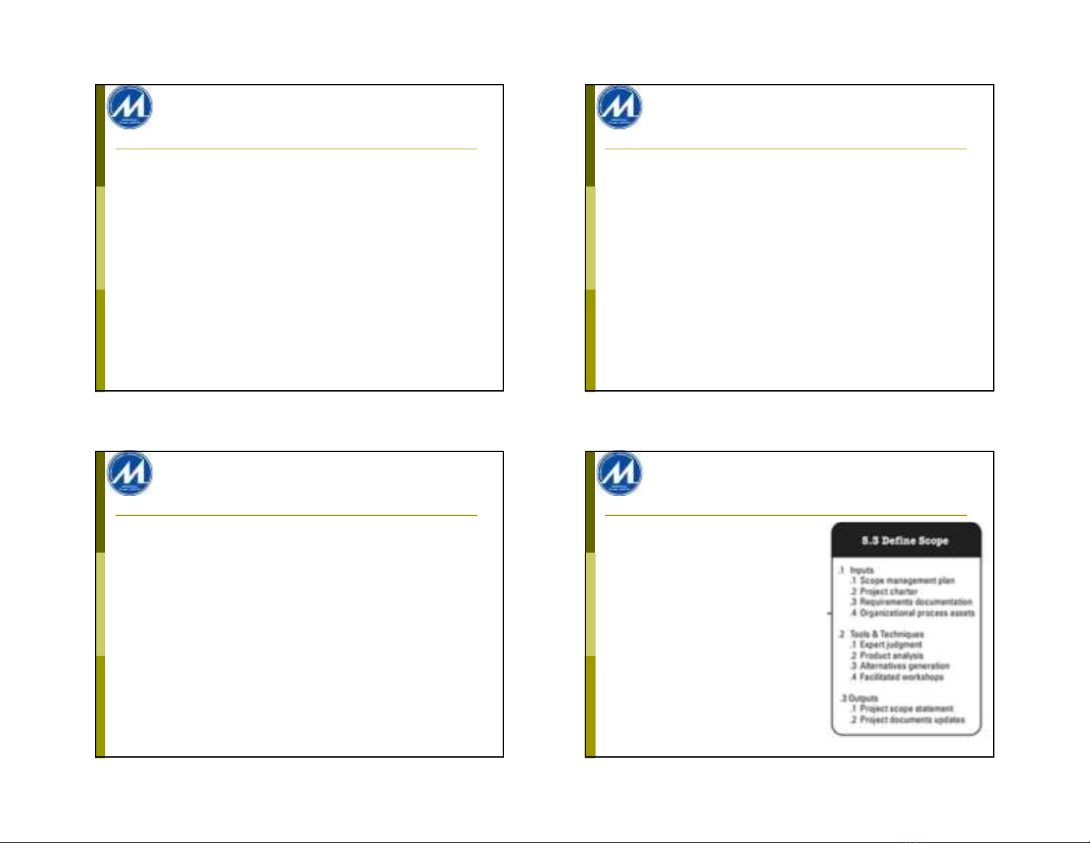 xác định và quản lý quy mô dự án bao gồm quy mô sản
◆ ◆ ◆ ◆
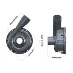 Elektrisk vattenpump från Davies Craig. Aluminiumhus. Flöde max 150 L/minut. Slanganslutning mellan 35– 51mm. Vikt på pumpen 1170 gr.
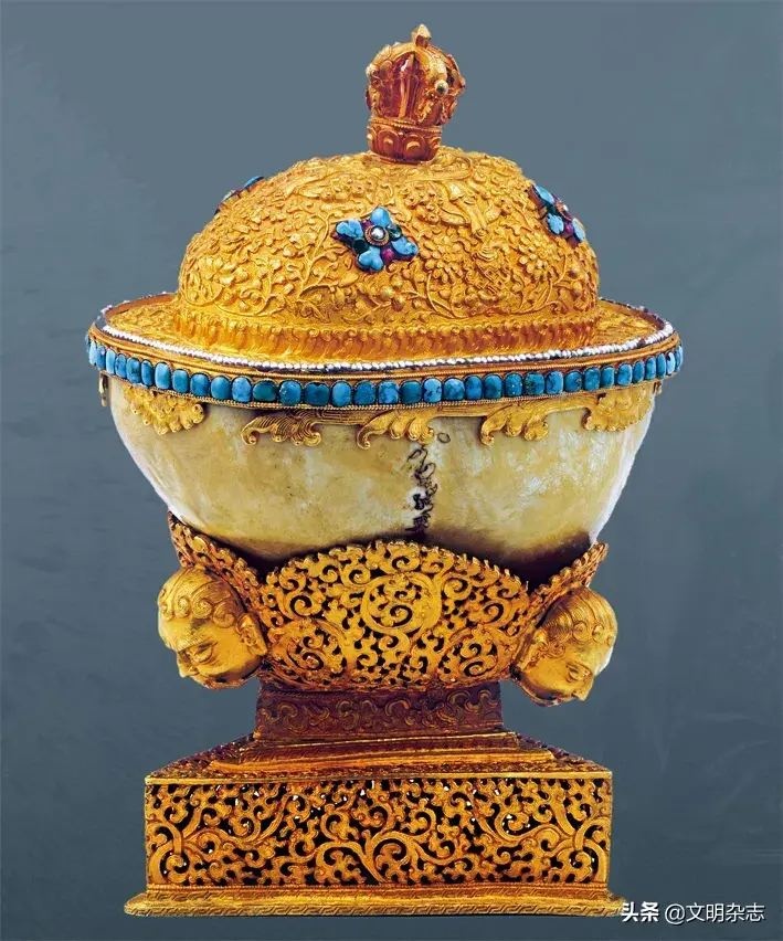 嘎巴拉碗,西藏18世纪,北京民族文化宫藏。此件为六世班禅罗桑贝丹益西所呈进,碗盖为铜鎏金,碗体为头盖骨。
◆ ◆ ◆ ◆
(Work instruction): Set the pictures aside and reproduce exactly the lines above, from the line holding "Elektrisk vattenpump från Davies Craig. Aluminiumhus." through the line holding "嘎巴拉碗,西藏18世纪,北京", both included, with nothing else.

(Response):
 Elektrisk vattenpump från Davies Craig. Aluminiumhus. Flöde max 150 L/minut. Slanganslutning mellan 35– 51mm. Vikt på pumpen 1170 gr.
 嘎巴拉碗,西藏18世纪,北京民族文化宫藏。此件为六世班禅罗桑贝丹益西所呈进,碗盖为铜鎏金,碗体为头盖骨。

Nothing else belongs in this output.